No-Code Workflow Orchestration: Using a visual workflow interface with predefined workflows to implement Deep Research.

Dedicated Agent Libraries or Frameworks: Many current solutions follow this approach (see [Reference 1] for details).

RAGFlow 0.20.0, a unified RAG and Agent engine supporting both Workflow and Agentic modes with seamless orchestration on a single canvas, can implement Deep Research through either approach. However, employing Workflow for Deep Research is only functional, as its interface appears like this:

This gives rise to two main problems:

Overly Complex and Unintuitive Orchestration: If the basic Deep Research template is already this complicated, a full application would become a tangled web of workflows that are hard to maintain and expand.

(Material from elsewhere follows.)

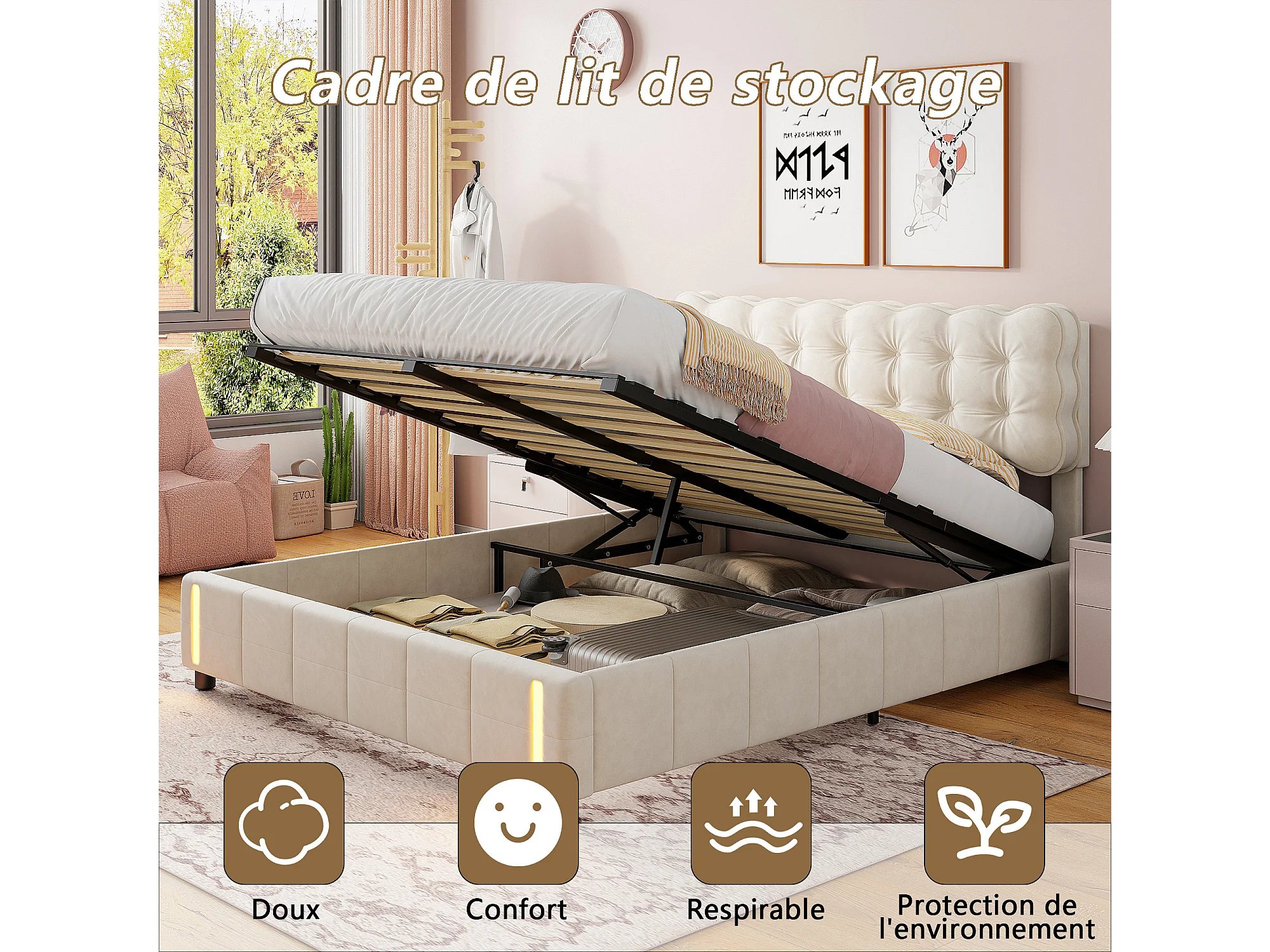 Lit Double capitonné 140x190 cm, Lit Coffre avec Rangement et sommier à Lattes, LED, Velours, Beige

Better Suited to Agentic Methods: Deep Research naturally relies on dynamic problem breakdown and decision-making, with control steps driven by algorithms. Workflow drag-and-drop interfaces only handle simple loops, lacking the flexibility needed for advanced control.

RAGFlow 0.20.0 offers a comprehensive Agent engine designed to help enterprises build production-ready Agents using no-code tools. As the key Agent template, Deep Research strikes a careful balance between simplicity and flexibility. Compared to other solutions, RAGFlow highlights these strengths:

Agentic Execution, No-Code Driven: A fully customisable application template—not just an SDK or runtime—that uses Agentic mechanisms while remaining easy to access through a no-code platform.

Human Intervention (Coming Soon): Although Deep Research depends on LLM-generated plans, which can feel like a black box, RAGFlow’s template will support manual oversight to introduce certainty—a vital feature for enterprise-grade Agents.

Business-Focused and Outcome-Oriented:

Developers can customise the Deep Research Agent’s structure and tools, such as configuring internal knowledge bases for enterprise data retrieval, to meet specific business needs. Full transparency in the Agent’s workflow—including its plans and execution results—allows timely optimisation based on clear, actionable insights.

Practical Guide to Setting Up Deep Research

We use a Multi-Agent architecture [Reference 2], carefully defining each Agent’s role and responsibilities through thorough Prompt Engineering [Reference 4] and task decomposition principles [Reference 6]:

Lead Agent: Coordinates the Deep Research Agent, handling task planning, reflection, and delegating to Subagents, while keeping track of all workflow progress.

Web Search Specialist Subagent: Acts as the information retrieval expert, querying search engines, assessing results, and returning URLs of the best-quality sources.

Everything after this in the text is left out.